Финал...

Валери Таразо
Трудно писать о последних днях любимого человека. Я не был свидетелем драмы Александра и его трагедии, которая произошла в моё отсутствие, когда я находился в командировке. Поэтому я использую чужие представления и разные слухи, пытаясь их обобщить и сделать правдоподобными.

В самое последнее время Александр всё чаще оказывался в цепких лапах темных сил и мистического настроения (Анна). Его посещения заброшенного дома возле Курского вокзала стали почти регулярными. Он оказывался в этом доме всякий раз, как чувствовал себя плохо после значительного потребления спиртного и кутежей в ресторанах.

Здесь у него появились знакомые, которые относились к нему с большим “уважением” и признательностью за постоянную финансовую помощь.

Надо сказать, что он с ними не бражничал и не поддерживал тесных отношений. Только один раз он услышал от старшего слова “пушка и поросята”. Он уже не помнит – к чему их произнес старик. Но они застряли у него в башке, как заноза в заднице.

Пришло время, и Александр познакомился со стариком ближе. Звали его Егор, он потерял квартиру в результате каких-то махинаций, но чувствовалось, что Егор не прост и обладает большим жизненным опытом, поработав инженером в физико-химическом институте имени Л.Я. Карпова и во многих других местах, так и не найдя себя. С ним можно было поговорить на многие темы, но Александр проявил особый интерес к “пушке и поросятам”. В блатном языке он уже разбирался довольно хорошо и сразу перевел эти слова на простой русский язык, как “пистолет и патроны”.

- Егор, ты как-то упоминал “пушку и поросят” – к чему ты говорил об этом?

- Много будешь знать – скоро состаришься - ухмыльнулся в свои усы Егор.

- Если бы ты только знал, насколько я стар – ты как относишься к стихам?

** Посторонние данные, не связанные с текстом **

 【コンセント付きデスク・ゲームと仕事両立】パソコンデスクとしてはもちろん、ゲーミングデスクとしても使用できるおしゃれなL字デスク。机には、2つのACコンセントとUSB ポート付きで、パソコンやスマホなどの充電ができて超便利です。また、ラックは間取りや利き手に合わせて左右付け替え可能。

- Хорошие люблю. И прозу также. Вот, например, Веню Ерофеева люблю до смерти – стало ясно, что этот старик совсем не прост. И Александр решился прочитать свое стихотворение:

Отцвела моя сирень,
Отцвели пионы,
Хоть не свойственна мне лень,
Да устали кони...

Уж не мчатся по полям,
На ходу не рвут ковыль,
Привязал их к тополям,
Дремлют, вспоминая быль...

Знать, в той дреме сладость есть,
Хоть и есть тревога.
До конца не спета песнь,
Только слов не много.

А слова те так нежны,
Столько в них мечтанья,
Чувства все обнажены,
Словно остов зданья.

И, учуяв тот покой,
Что навек приходит,
Не идут на водопой,
Только ухом водят...

Егор закряхтел, стал крутить кончики усов и, наконец решился спросить:

- Это чьи стихи. Я думаю, что твои: так знай, что они сдавливают моё сердце. Я едва сдержался от слёз. Ты молодец. Чего, всё-таки ты хочешь?

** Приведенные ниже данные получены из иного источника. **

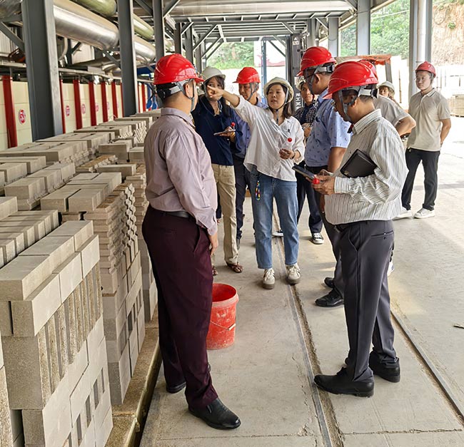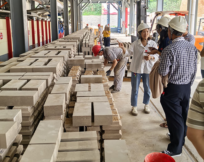 國外客戶參觀四季火耐火材料耐火預(yù)制件車間
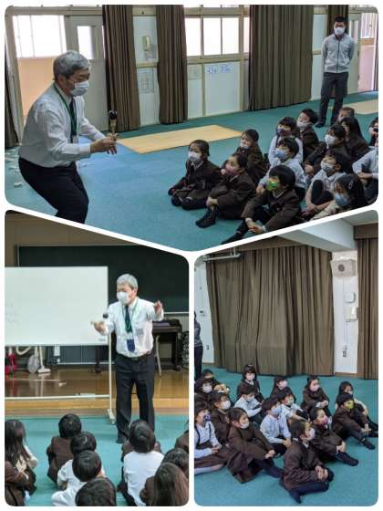 1、2時間目に、1年生の生活科「むかしあそびをしよう」の学習で校長先生が特別授業を行いました。

-  Я хочу “пушку с одним поросенком”. Ты понимаешь, что здесь не должно быть “липы”. Речь идет о жизни и смерти – выдавил Александр.

- Ну, ты даешь. Кого это ты решил грохнуть. Бабу? Так бабы не стоят ни поросенка, ни пера. И почему только один поросенок – задавал вопросы Егор, но понимал, что Александр не может отвечать на них.

- Знаешь, Егор, у моего отца всё есть, но я не могу подставлять его. Он очень большой человек – с какой-то хрипотцой произнес Александр.

- Черт с тобой, достану тебе... Я вижу, что ты человек серьёзный и тебе это нужно для серьёзного дела. Прочитай еще стих! Что-нибудь про одиночество.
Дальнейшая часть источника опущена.